Evolving economic models for financial services

Matt Ober is a general partner at Social Leverage. Matt was most recently the chief data scientist at Third Point, where he built the data analytics and technology platform used to enhance the firm’s investment capabilities in equity, structured credit, venture capital and cryptocurrency.

As we approach Money 20/20 starting this weekend, it’s important to reflect on the sentiment that fintech is dead. Spoiler alert: It’s not—it’s just changing. I think fintech is poised for a new beginning, driven by artificial intelligence and the demand for greater efficiency and innovation across financial services. The transition we’re witnessing today—from early internet-era solutions to cloud-based services and now AI-driven platforms—is reshaping the very nature of finance. AI is not only changing the way we approach financial data, but is fundamentally altering business models, compliance, and customer engagement.

AI: The next frontier in fintech

We’ve seen fintech grow from putting existing financial products online to becoming a core element of almost every industry through solutions like cloud infrastructure and mobile-based financial services. Today, AI is powering the next cycle of innovation. 

Traditional banking systems, long reliant on human labor for compliance and customer service, are increasingly looking at AI copilots and agents to take over routine tasks and deliver real-time insights. This shift has the potential to augment the roles of thousands of professionals, transforming the way financial institutions operate.

For example, compliance officers—one of the fastest-growing roles in financial services—are likely to see much of their work streamlined by AI. At large financial institutions, where compliance departments can account for a significant percentage of the workforce, AI can improve accuracy, cut costs, and reduce the time spent on mundane tasks. This is particularly relevant as fintech companies have developed AI-driven tools for communication archiving, with the potential to make these processes more efficient than the traditional manual review of communications across email, social media, messaging platforms, blogs and newsletters.

In addition, we are seeing the work of traditional analysts across hedge funds, asset managers, and investment firms changing quickly. In a world where Excel and Visual Basic skills were once differentiators among candidates, expectations quickly changed to give those with Python or R coding skills a leg up. 

With AI, analysts and investment professionals that are leaning into the AI copilots are finding the most success. Though there are numerous AI copilots for finance popping up every day, the true moat will be those with data.

Rethinking economic models in fintech

One of the enduring myths in the fintech world is that if you become a bank, you’ll be valued like one. This misconception stems from the belief that fintechs with bank licenses will be pigeonholed into bank-like price-to-book (P/B) multiples, which typically cap valuations. But the reality is more nuanced. Fintech disruptors, with their tech-driven business models, can outpace traditional banks in both profitability and growth potential.

Consider the case of Nubank or American Express. Both hold bank licenses yet trade at multiples far higher than traditional banks, thanks to their ability to generate superior return on equity and maintain high margins. This is possible because fintechs often have lower costs thanks to digital distribution, and can generate revenue from both interest and fees. As a result, they have a much higher asset turnover. This makes fintech models not only more nimble but also more attractive to investors seeking long-term growth.
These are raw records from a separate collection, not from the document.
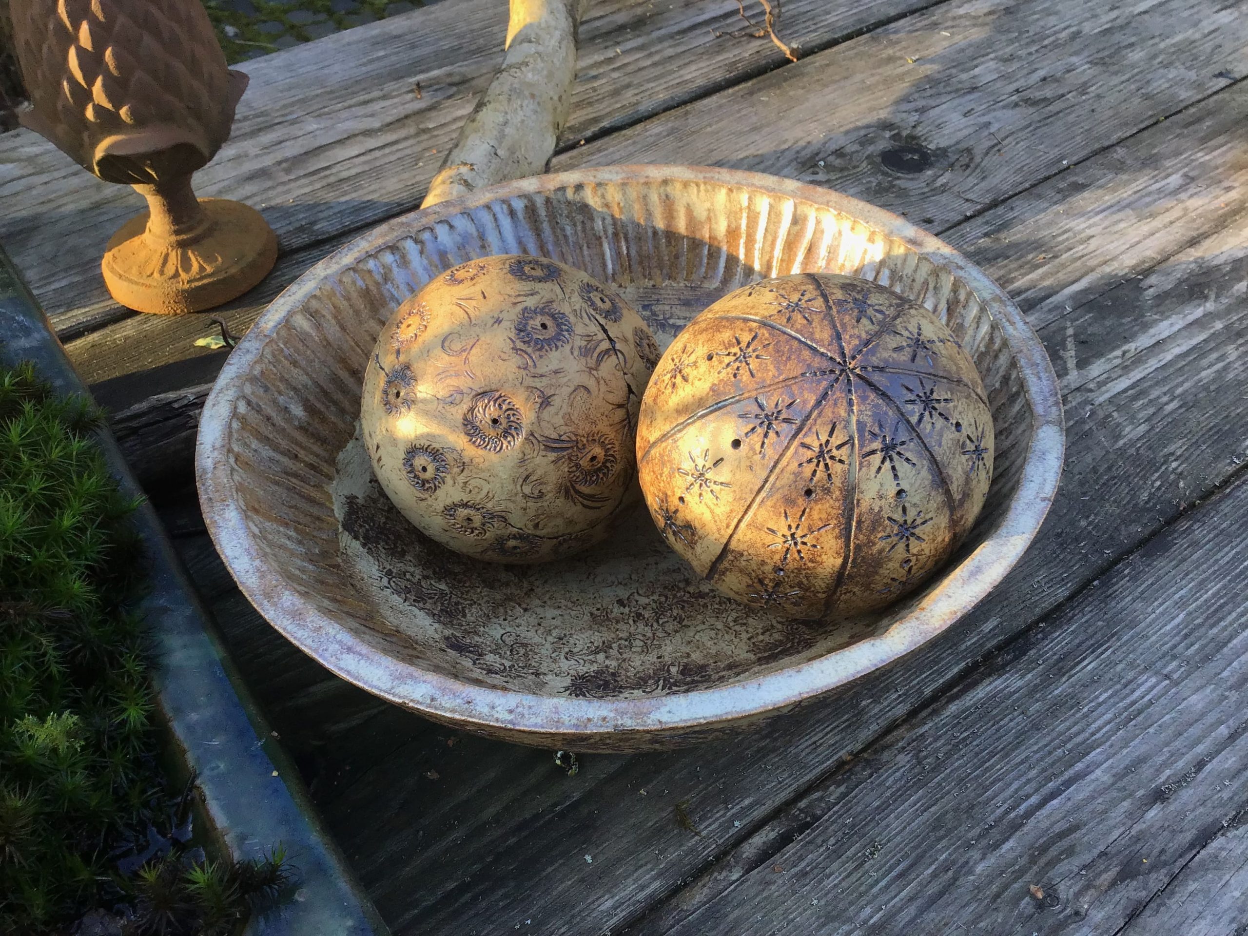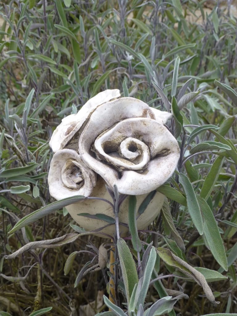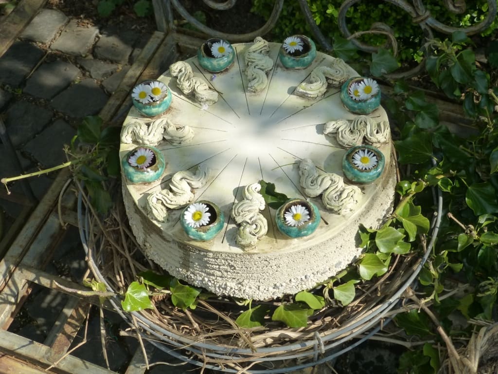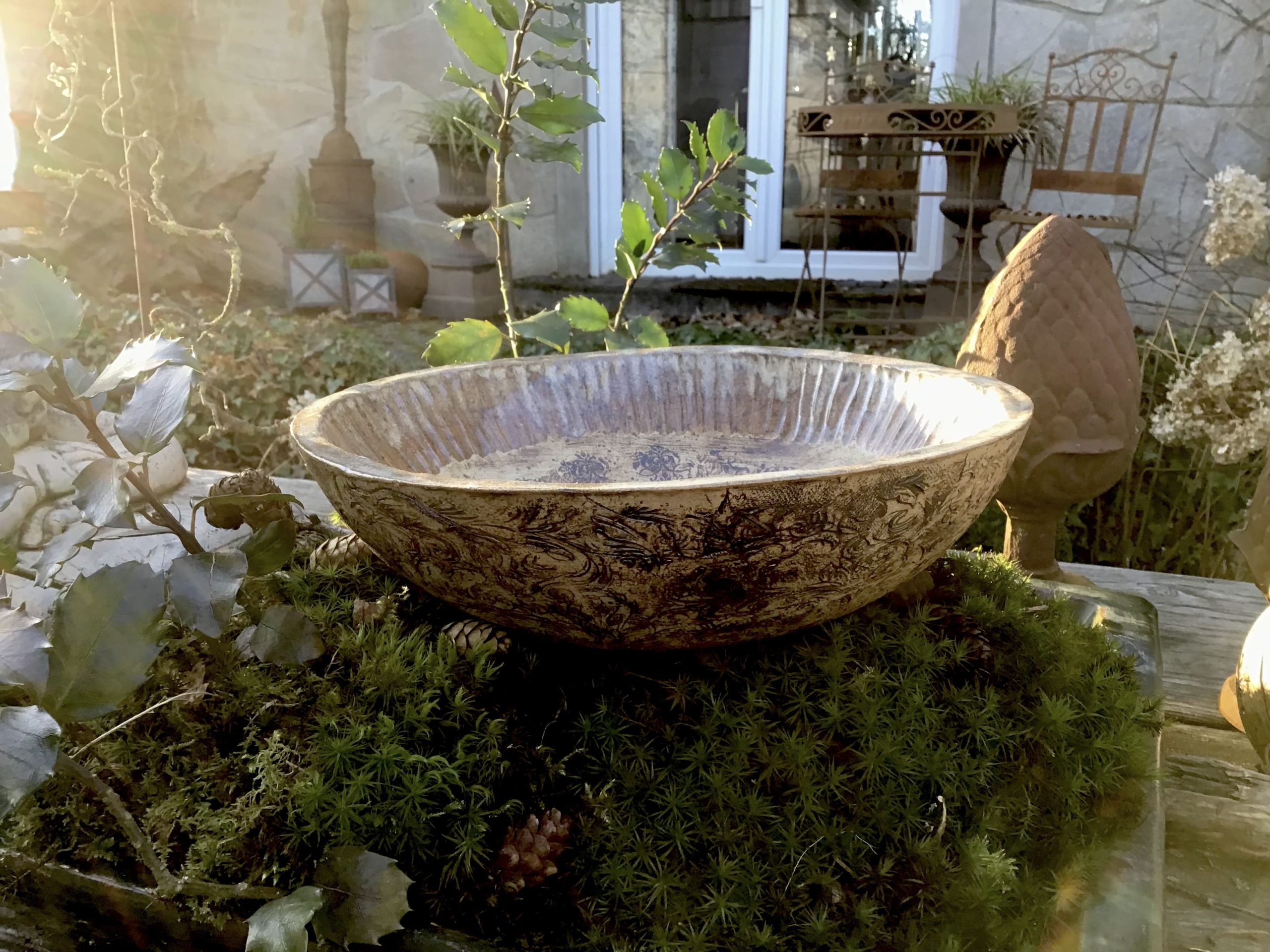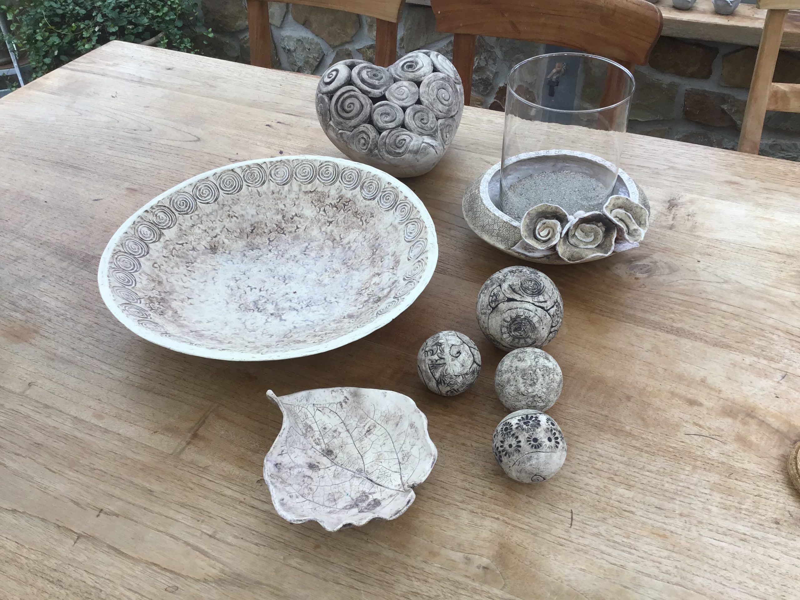 Schon sehr lange begeistert mich das kreative Gestalten mit dem Werkstoff Ton. Immer mal wieder besuchte ich schon in jungen Jahren Töpferkurse bei der VHS, konnte dadurch meine handwerklichen Fähigkeiten verfeinern, vieles dazulernen, was am Ende meine Kreativität noch beflügelte. Meine Arbeit im Garten, an der frischen Luft und in der Natur geben mir ständig neue Inspirationen, die nach Umsetzung rufen und gerne von mir erhört werden.Sehr oft trifft dabei meine fertige Töpferarbeit auf die Materialien Holz und Eisen, dessen Verbindung ich besonders spannend finde. Hier erhalte ich Unterstützung von meinem Mann, der die beiden Werkstoffe Holz und Metall gerne verarbeitet.
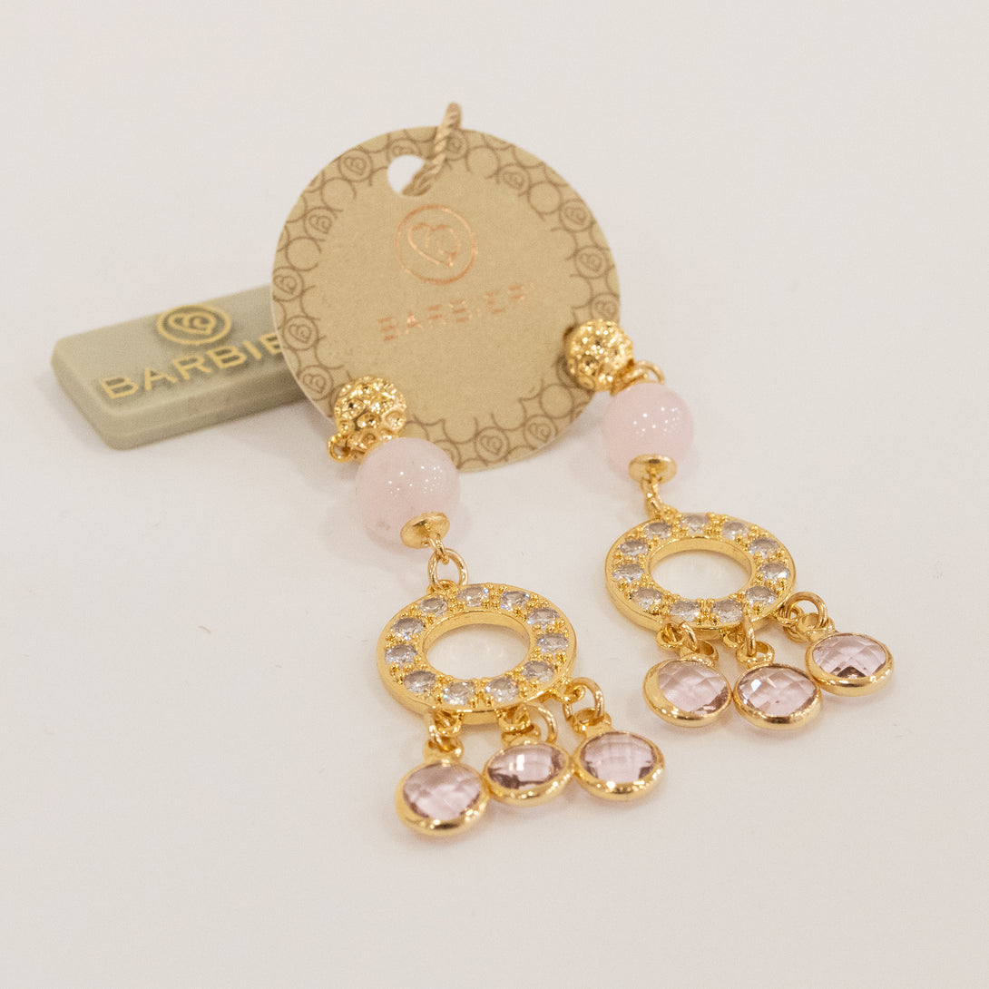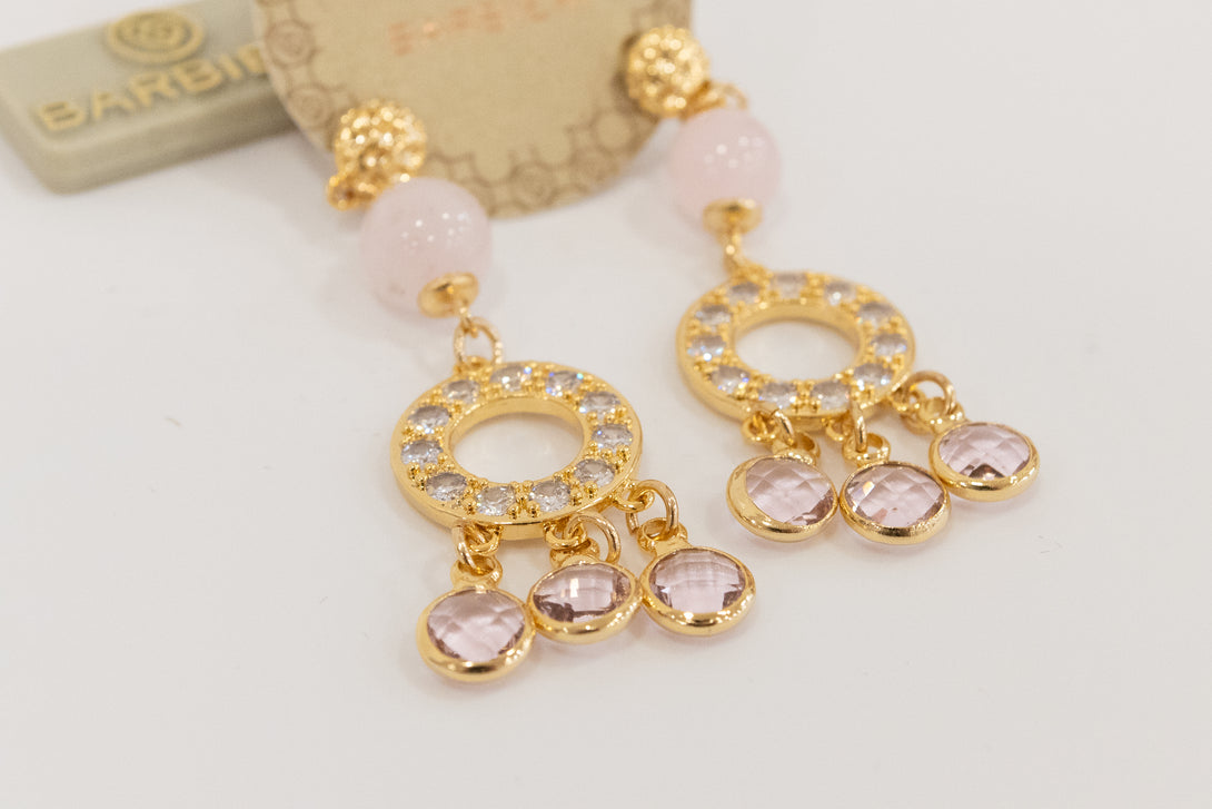 Barbieri - Orecchini pendenti in metallo placcato oro con quarzo rosa e fumé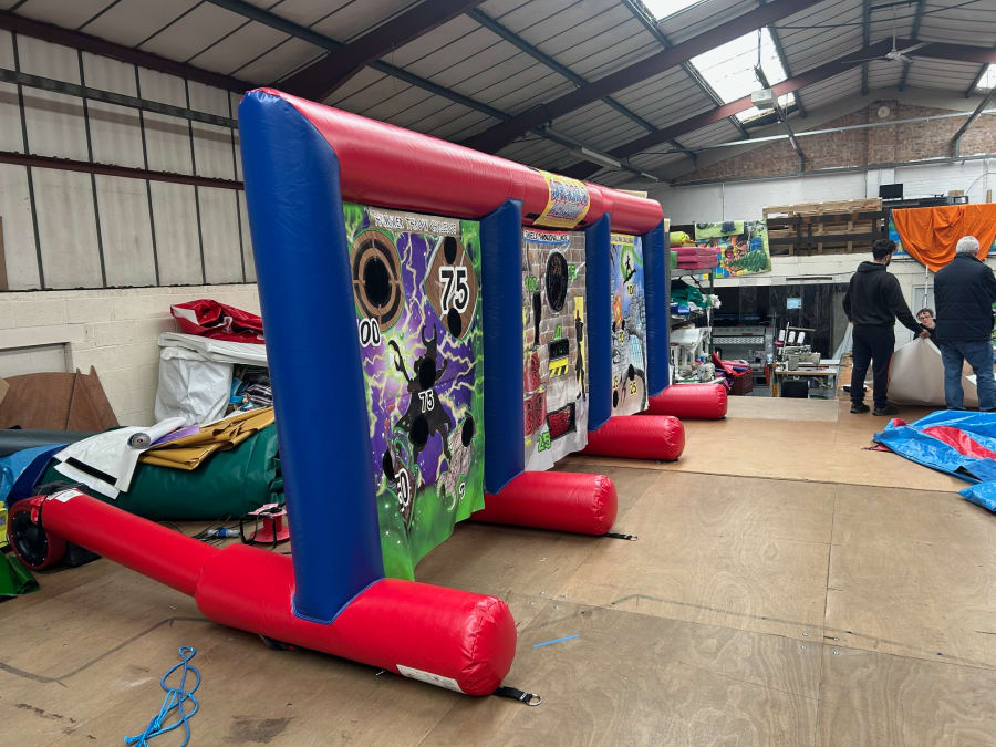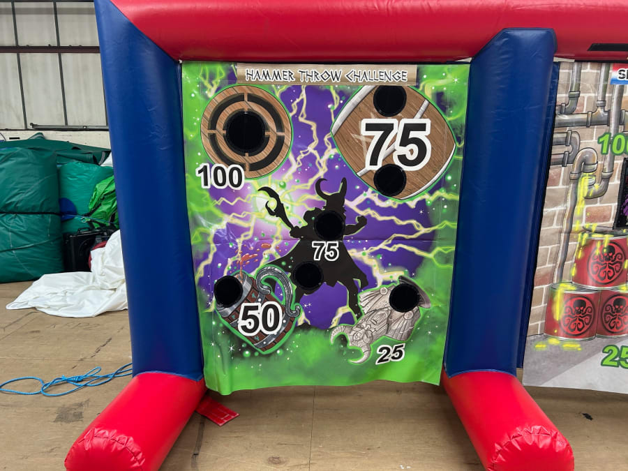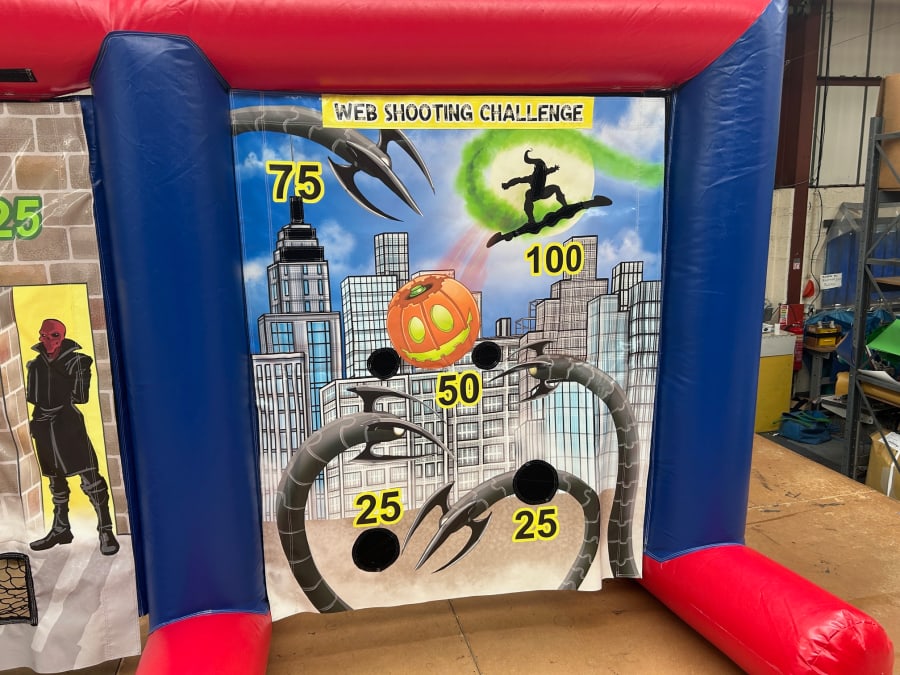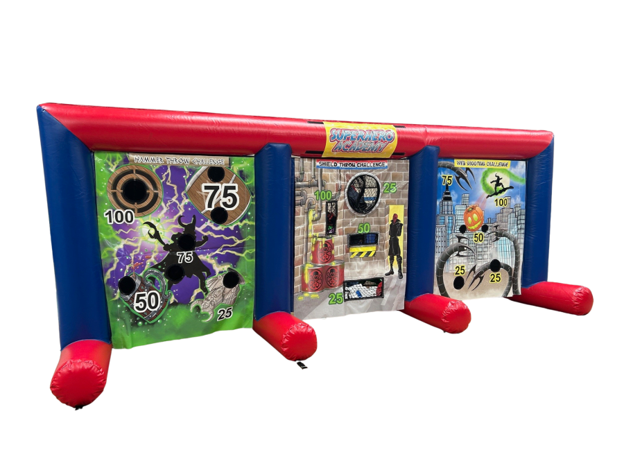 Introduce the Superhero Academy, a thrilling 3-in-1 inflatable game designed by Inflatable World in Nottingham. This eye-catching unit combines hammer throwing, shield tossing and webslinging for nonstop action. Ideal for bouncy castle companies and event hire businesses looking to boost bookings and revenue.

As AI reshapes fintech, a new wave of innovators is emerging, pushing the boundaries of what’s possible in the data-driven world of finance. One of the most exciting entrants is CarbonArc, founded by Kirk McKeown. CarbonArc is creating a consumption-based data marketplace, enabling users to access and pay for the data they need on demand. This model aligns with the growing trend toward flexibility and scalability in how data is consumed, which is critical in an era where AI-driven applications require vast and varied datasets. As the data world continues to evolve, it’s clear that the competition between platforms like Databricks and Snowflake—which are each vying to attract data vendors—will only intensify.